*Data provided*
+---+

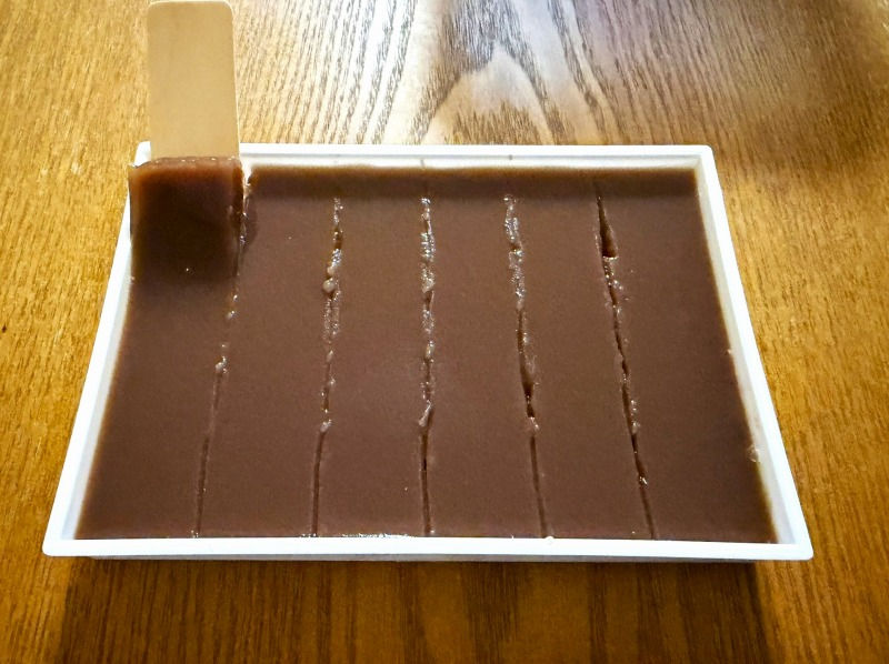つまり、水羊かんが、空気(酸素)と極力接触しないように、①真空パックのシート、②脱酸素剤(エージレス)の封入、③水羊かんの上に敷かれた透明シート、と三重に守られていることがわかりました。まさに、鉄壁の防御態勢!これが賞味期限2週間を可能にしたのでしょうか?
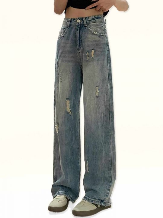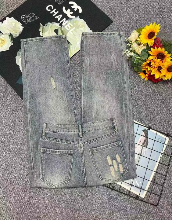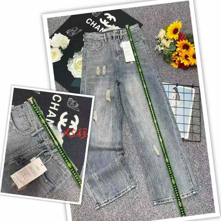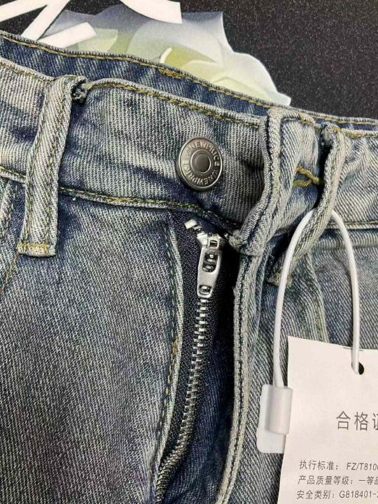 春季新款网红复古洗水棉破洞牛仔直筒阔腿裤,独立包装...
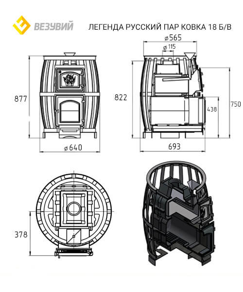 Инструкции, чертежи, документы - Банная печь Везувий Легенда Русский пар Ковка 18 (271) б/в
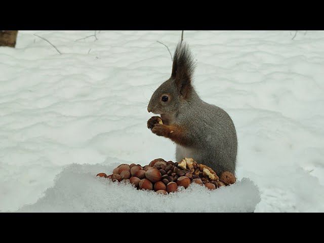 Белка на пушистом снегу
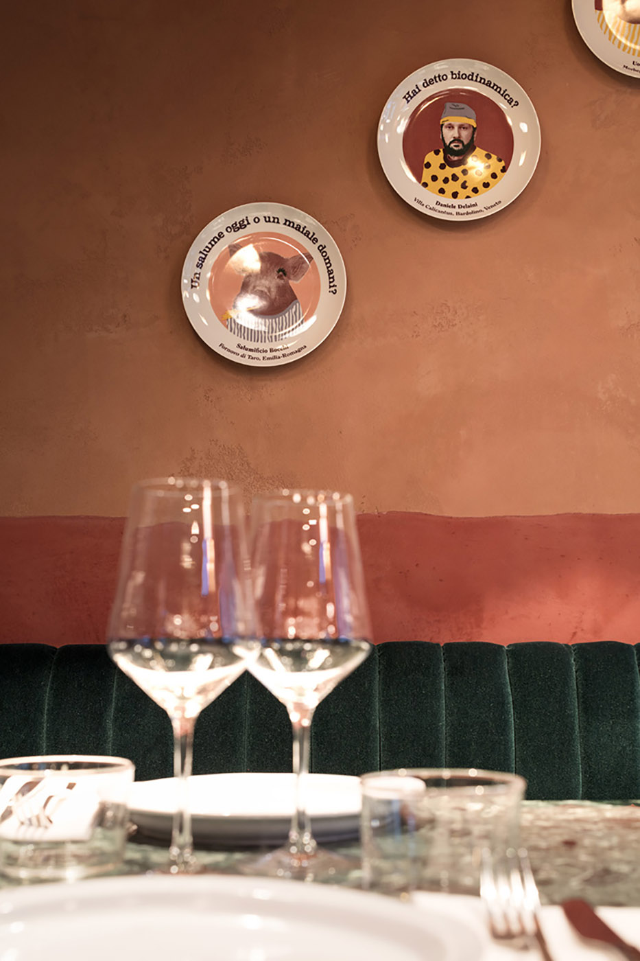 At the entrance, a large wall highlights the restaurant's protagonists: it is the Wall of Fame, 16 ceramic plates, each depicting a manufacturer of the raw materials used in the kitchen. On the opposite side, the bar counter is distinctive for its long solid oak top and vertical cladding made from natural brass profiles with different sections

+---+

*Your instructions*
Your answer must be an exact copy of the lines from the one with "春季新款网红复古洗水棉破洞牛仔直筒阔腿裤,独立包装..." through the final line of the data, both included, without any pictures.

*Result*
 春季新款网红复古洗水棉破洞牛仔直筒阔腿裤,独立包装...
 Инструкции, чертежи, документы - Банная печь Везувий Легенда Русский пар Ковка 18 (271) б/в
 Белка на пушистом снегу
 At the entrance, a large wall highlights the restaurant's protagonists: it is the Wall of Fame, 16 ceramic plates, each depicting a manufacturer of the raw materials used in the kitchen. On the opposite side, the bar counter is distinctive for its long solid oak top and vertical cladding made from natural brass profiles with different sections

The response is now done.